> [WORK TO BE COMPLETED] Return the records word for word. Any pictures in them are not part of the copy.

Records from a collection
-----

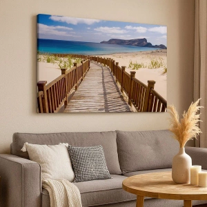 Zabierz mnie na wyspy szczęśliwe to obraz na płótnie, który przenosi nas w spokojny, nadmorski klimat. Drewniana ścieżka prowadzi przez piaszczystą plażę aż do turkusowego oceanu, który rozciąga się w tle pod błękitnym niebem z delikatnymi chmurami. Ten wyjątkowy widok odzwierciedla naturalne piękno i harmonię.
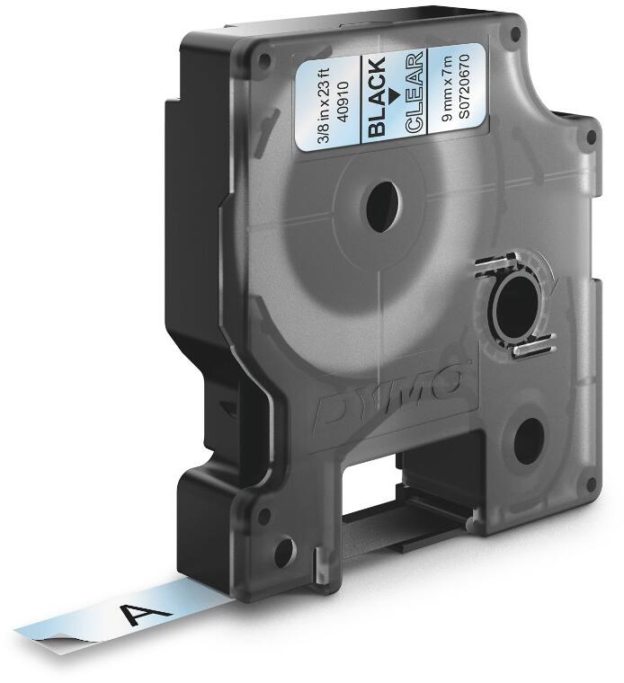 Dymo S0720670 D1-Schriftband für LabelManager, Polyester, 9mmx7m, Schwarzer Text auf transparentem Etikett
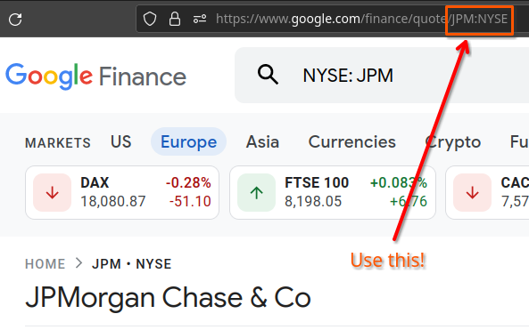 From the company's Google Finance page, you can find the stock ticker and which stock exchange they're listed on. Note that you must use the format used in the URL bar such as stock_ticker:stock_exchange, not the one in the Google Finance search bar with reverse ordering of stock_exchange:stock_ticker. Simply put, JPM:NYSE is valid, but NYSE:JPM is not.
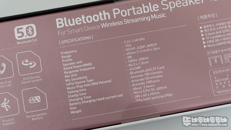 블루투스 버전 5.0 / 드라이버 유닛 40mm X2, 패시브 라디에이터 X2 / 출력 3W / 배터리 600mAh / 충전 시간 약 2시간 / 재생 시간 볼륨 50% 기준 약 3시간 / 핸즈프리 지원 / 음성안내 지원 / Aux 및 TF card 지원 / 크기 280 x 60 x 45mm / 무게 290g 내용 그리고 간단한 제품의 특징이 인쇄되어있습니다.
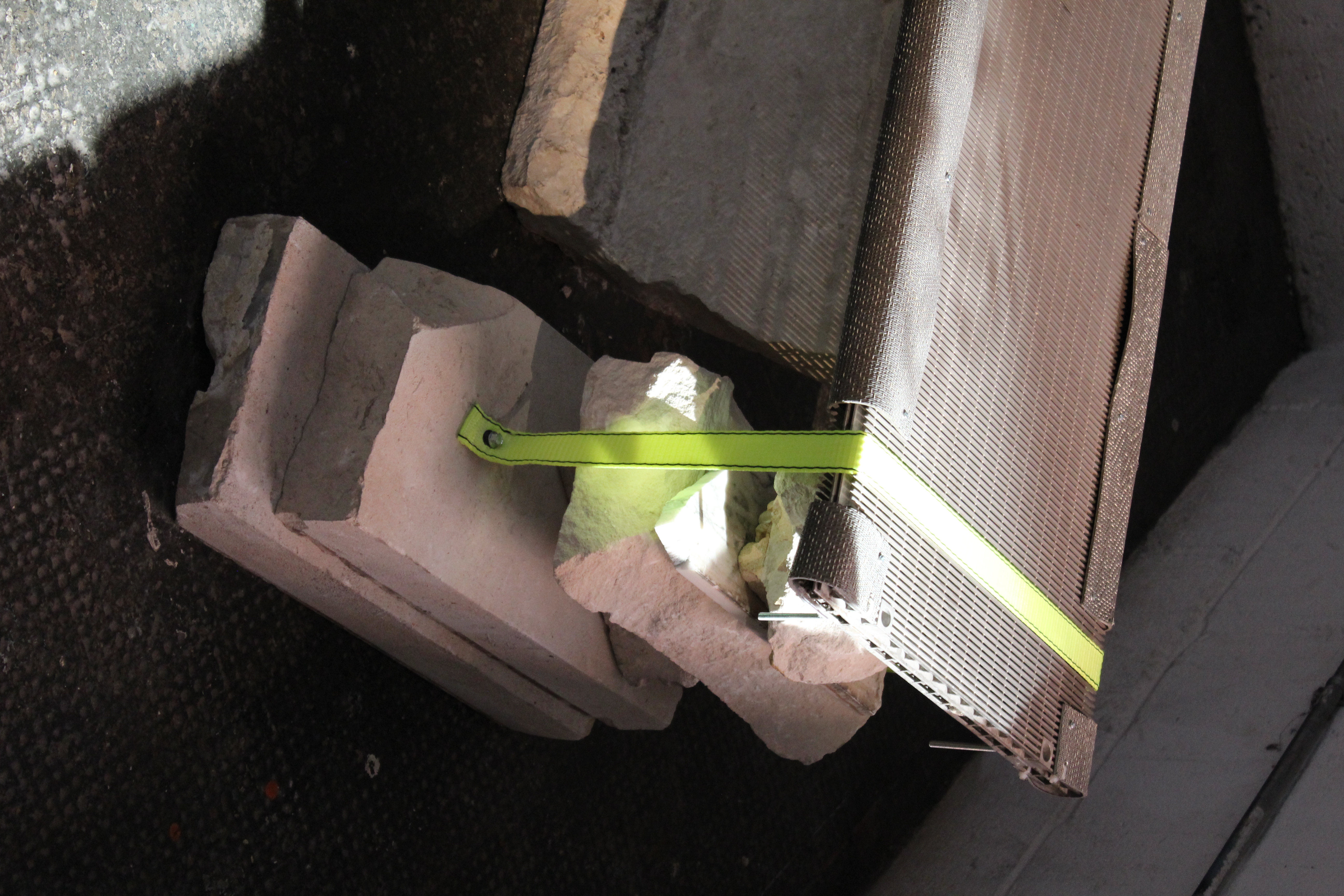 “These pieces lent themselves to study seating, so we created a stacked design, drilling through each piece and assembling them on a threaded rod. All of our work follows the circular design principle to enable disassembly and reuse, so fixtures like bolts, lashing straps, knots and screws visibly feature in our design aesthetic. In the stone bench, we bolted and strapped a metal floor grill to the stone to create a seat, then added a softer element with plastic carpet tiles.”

-----

> [SOLUTION FOR THIS PROBLEM]
 Zabierz mnie na wyspy szczęśliwe to obraz na płótnie, który przenosi nas w spokojny, nadmorski klimat. Drewniana ścieżka prowadzi przez piaszczystą plażę aż do turkusowego oceanu, który rozciąga się w tle pod błękitnym niebem z delikatnymi chmurami. Ten wyjątkowy widok odzwierciedla naturalne piękno i harmonię.
 Dymo S0720670 D1-Schriftband für LabelManager, Polyester, 9mmx7m, Schwarzer Text auf transparentem Etikett
 From the company's Google Finance page, you can find the stock ticker and which stock exchange they're listed on. Note that you must use the format used in the URL bar such as stock_ticker:stock_exchange, not the one in the Google Finance search bar with reverse ordering of stock_exchange:stock_ticker. Simply put, JPM:NYSE is valid, but NYSE:JPM is not.
 블루투스 버전 5.0 / 드라이버 유닛 40mm X2, 패시브 라디에이터 X2 / 출력 3W / 배터리 600mAh / 충전 시간 약 2시간 / 재생 시간 볼륨 50% 기준 약 3시간 / 핸즈프리 지원 / 음성안내 지원 / Aux 및 TF card 지원 / 크기 280 x 60 x 45mm / 무게 290g 내용 그리고 간단한 제품의 특징이 인쇄되어있습니다.
 “These pieces lent themselves to study seating, so we created a stacked design, drilling through each piece and assembling them on a threaded rod. All of our work follows the circular design principle to enable disassembly and reuse, so fixtures like bolts, lashing straps, knots and screws visibly feature in our design aesthetic. In the stone bench, we bolted and strapped a metal floor grill to the stone to create a seat, then added a softer element with plastic carpet tiles.”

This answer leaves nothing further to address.